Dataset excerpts
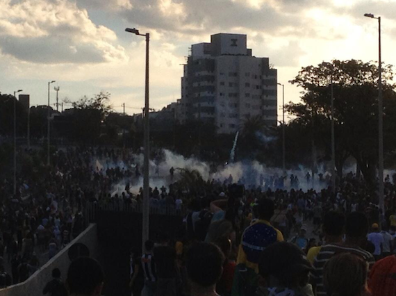 Mientras, violentos enfrentamientos entre manifestantes y efectivos policiales se registraron en las inmediaciones del estadio “Mineirao”, en Belo Horizonte.
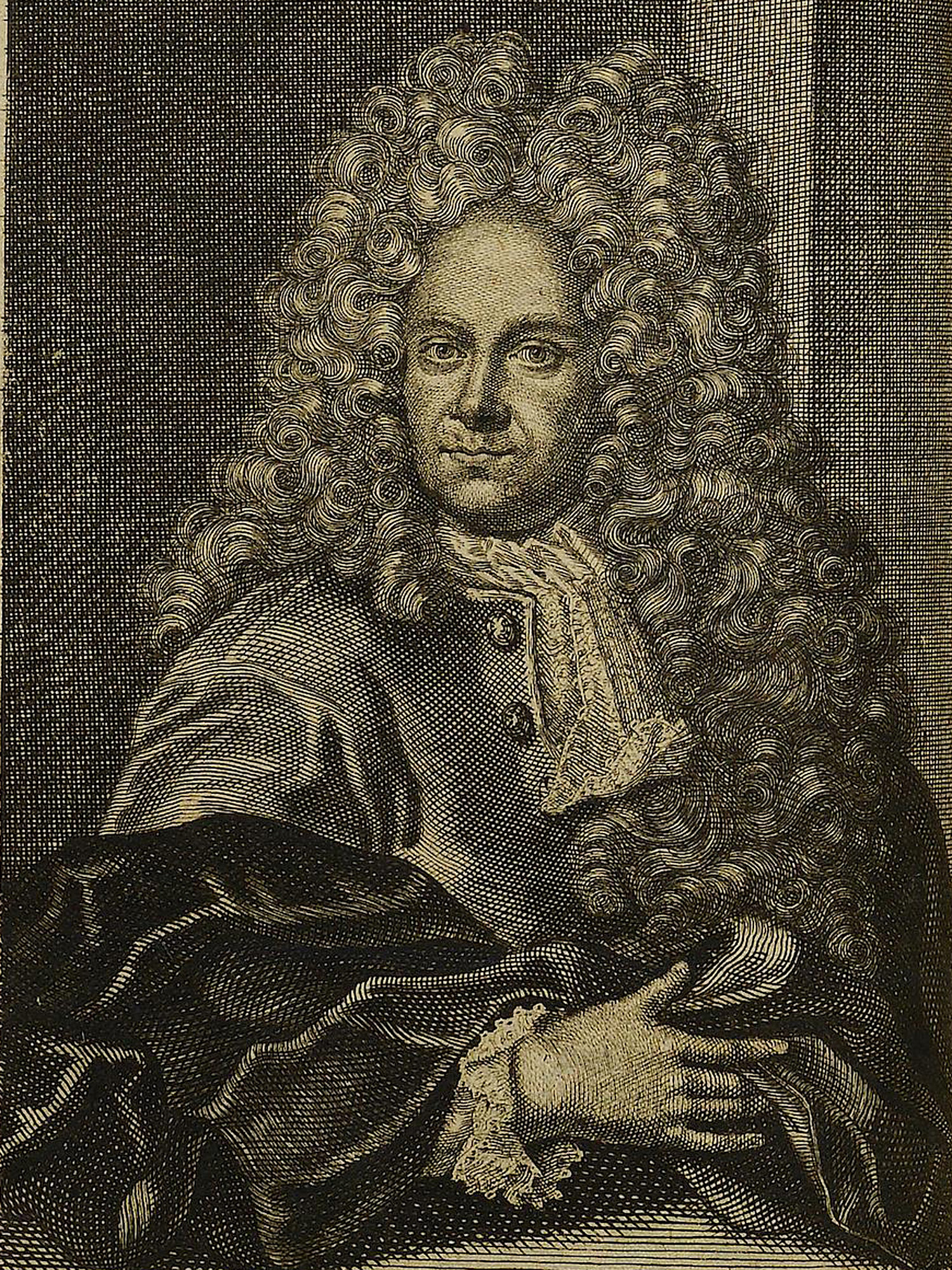 Porträt von Berger, Johann Heinrich von  (Die Gelehrte Fama, welche den gegenwärtigen Zustand der gelehrten Welt und sonderlich derer deutschen Universitäten entdecket., 1712, 16. T., ungez. Bl. am Anf. d. Stückes. [Zuschnitt auf Schmuckrahmen])
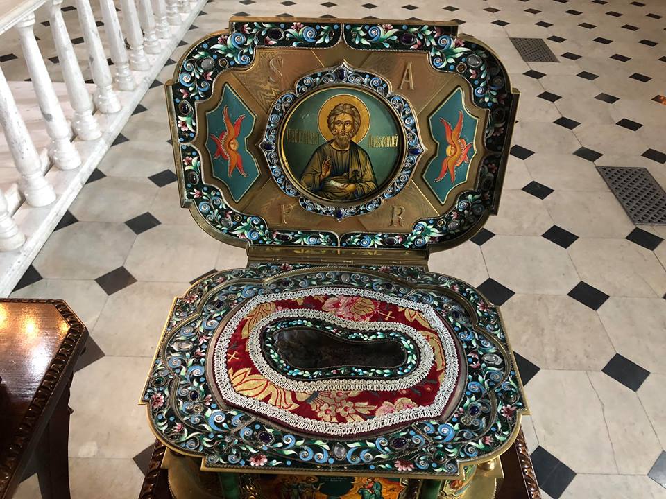 • икона Андрея Первозванного из монастыря Патр в Греции с частицей его мощей и частицей креста, на котором святого распяли.
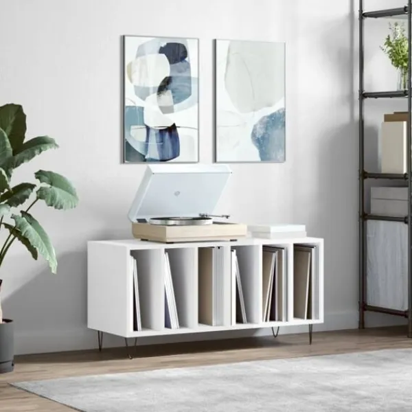 Förvara och visa upp dina vinylskivor med detta praktiska och klassiska skivskåp. Hållbart material: Det konstruerade träet är av exceptionell kvalitet med slät yta och är också starkt, stabilt och fuktbeständigt.Gott om förvaringsutrymme: Det rymliga stereoskåpet erbjuder gott om förvaringsutrymme för LP-skivor och håller din musiksamling välorganiserad.Robust bänkskiva: Den robusta ovansidan av stereoskåpet är perfekt för att placera din skivspelare eller annan elektronik.Järnben: Järnbenen utstrålar en industriell charm i din inredning samtidigt som de är stabila.
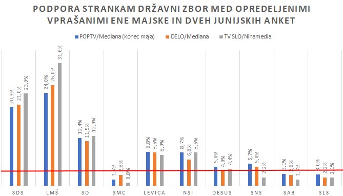 Če upoštevamo samo opredeljene volivce in k anketi Ninamedie dodamo Delovo anketo izpred tedna dni ter anketo Mediane, za POP TV izvedeno tik pred volitvami v Evropski parlament, dobimo spodnjo primerjavo
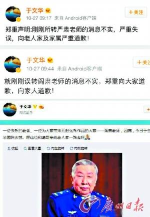 在昨日上午9时17分,于文华删除了这条微博,声明该消息不实,并深表歉意。在新浪微博,于文华摆乌龙一事的关注热度一下窜到了百万人次。
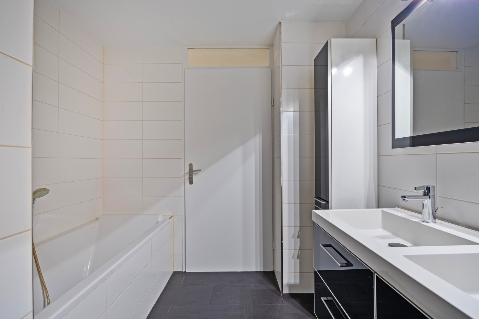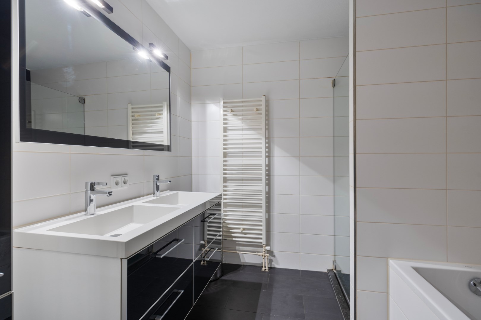 Geheel betegelde badkamer ca. 6 m² met ligbad, douche met glazen douchedeur en 2 vaste wastafels met een onderkast.
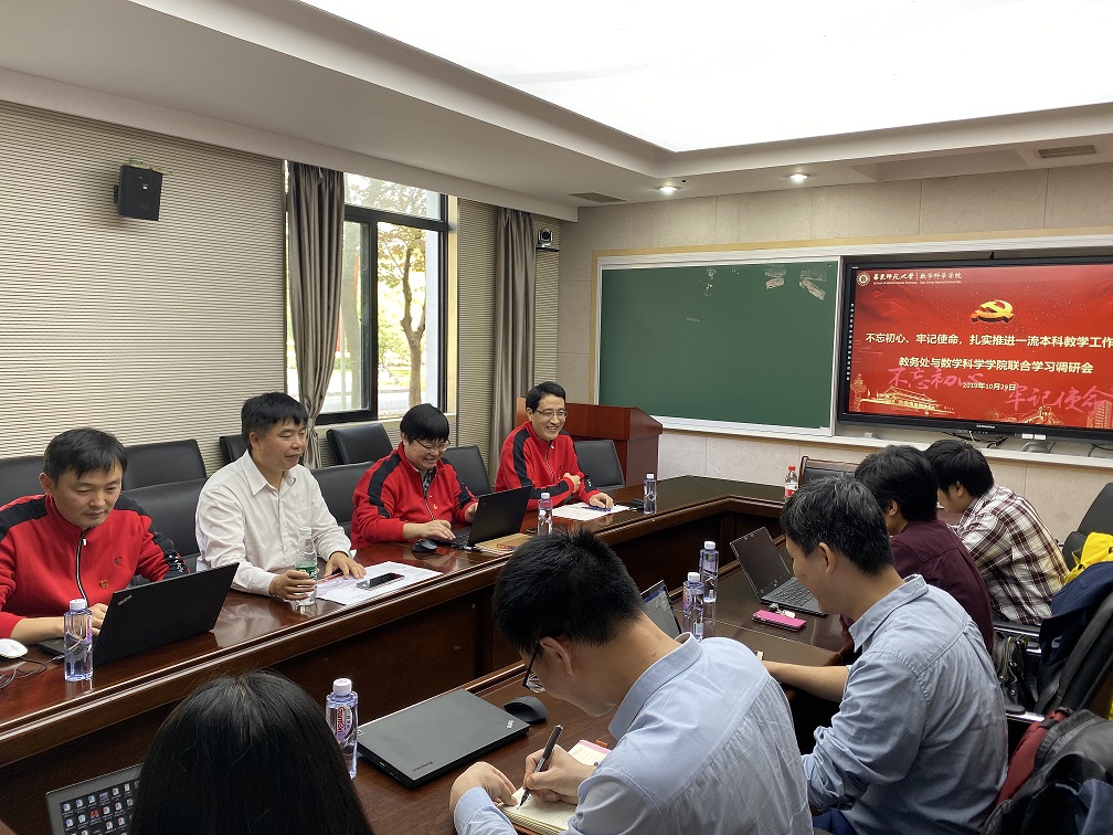不忘初心牢记使命,扎实推进一流本科教学工作改革 教务处与数学科学学院联合开展主题教育学习调研活动10月28日上午,教务处处长孟钟捷、副处长谭红岩等携教务处党支部一行来到数学楼,与数学科学学院党政领导班子一起联合开展“不忘初心、牢记使命”主题教育学习调研活动,数学科学学院党委书记贾挚、院长谈胜利、副院...2019-10-28
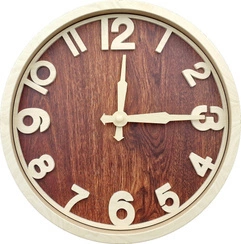 NOWOCZESNY ZEGAR ŚCIENNY Z DREWNIANA TARCZĄ BIAŁYMI ELEMENTAMI DUŻY 30cm
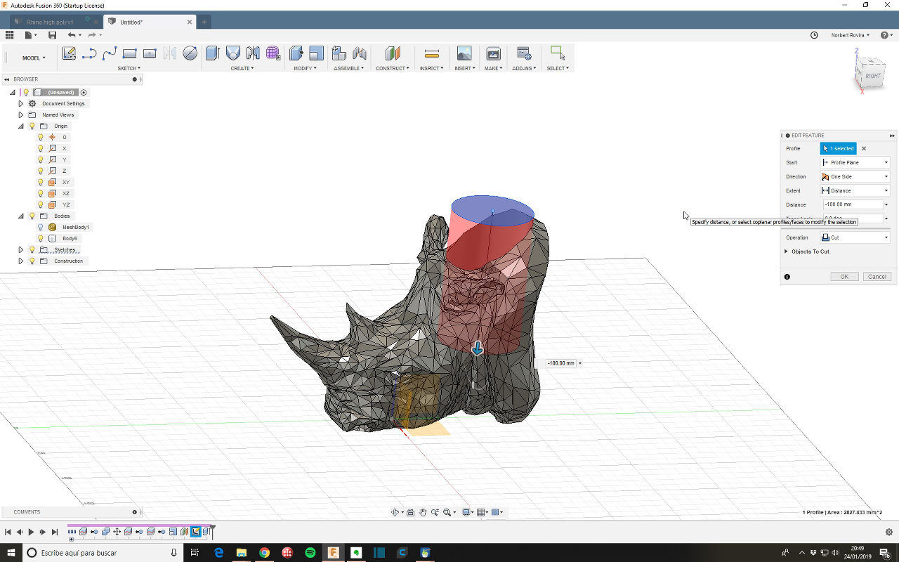 Cargamos el STL en Fusion 360 y lo modificamos para convertirlo en un portalápices añadiendo un agujero y cortándolo por la parte inferior para aplanarlo.

## Exercise instructions
Output the data above in full. Skip every picture.

## Answer section
 Mientras, violentos enfrentamientos entre manifestantes y efectivos policiales se registraron en las inmediaciones del estadio “Mineirao”, en Belo Horizonte.
 Porträt von Berger, Johann Heinrich von  (Die Gelehrte Fama, welche den gegenwärtigen Zustand der gelehrten Welt und sonderlich derer deutschen Universitäten entdecket., 1712, 16. T., ungez. Bl. am Anf. d. Stückes. [Zuschnitt auf Schmuckrahmen])
 • икона Андрея Первозванного из монастыря Патр в Греции с частицей его мощей и частицей креста, на котором святого распяли.
 Förvara och visa upp dina vinylskivor med detta praktiska och klassiska skivskåp. Hållbart material: Det konstruerade träet är av exceptionell kvalitet med slät yta och är också starkt, stabilt och fuktbeständigt.Gott om förvaringsutrymme: Det rymliga stereoskåpet erbjuder gott om förvaringsutrymme för LP-skivor och håller din musiksamling välorganiserad.Robust bänkskiva: Den robusta ovansidan av stereoskåpet är perfekt för att placera din skivspelare eller annan elektronik.Järnben: Järnbenen utstrålar en industriell charm i din inredning samtidigt som de är stabila.
 Če upoštevamo samo opredeljene volivce in k anketi Ninamedie dodamo Delovo anketo izpred tedna dni ter anketo Mediane, za POP TV izvedeno tik pred volitvami v Evropski parlament, dobimo spodnjo primerjavo
 在昨日上午9时17分,于文华删除了这条微博,声明该消息不实,并深表歉意。在新浪微博,于文华摆乌龙一事的关注热度一下窜到了百万人次。
 Geheel betegelde badkamer ca. 6 m² met ligbad, douche met glazen douchedeur en 2 vaste wastafels met een onderkast.
不忘初心牢记使命,扎实推进一流本科教学工作改革 教务处与数学科学学院联合开展主题教育学习调研活动10月28日上午,教务处处长孟钟捷、副处长谭红岩等携教务处党支部一行来到数学楼,与数学科学学院党政领导班子一起联合开展“不忘初心、牢记使命”主题教育学习调研活动,数学科学学院党委书记贾挚、院长谈胜利、副院...2019-10-28
 NOWOCZESNY ZEGAR ŚCIENNY Z DREWNIANA TARCZĄ BIAŁYMI ELEMENTAMI DUŻY 30cm
 Cargamos el STL en Fusion 360 y lo modificamos para convertirlo en un portalápices añadiendo un agujero y cortándolo por la parte inferior para aplanarlo.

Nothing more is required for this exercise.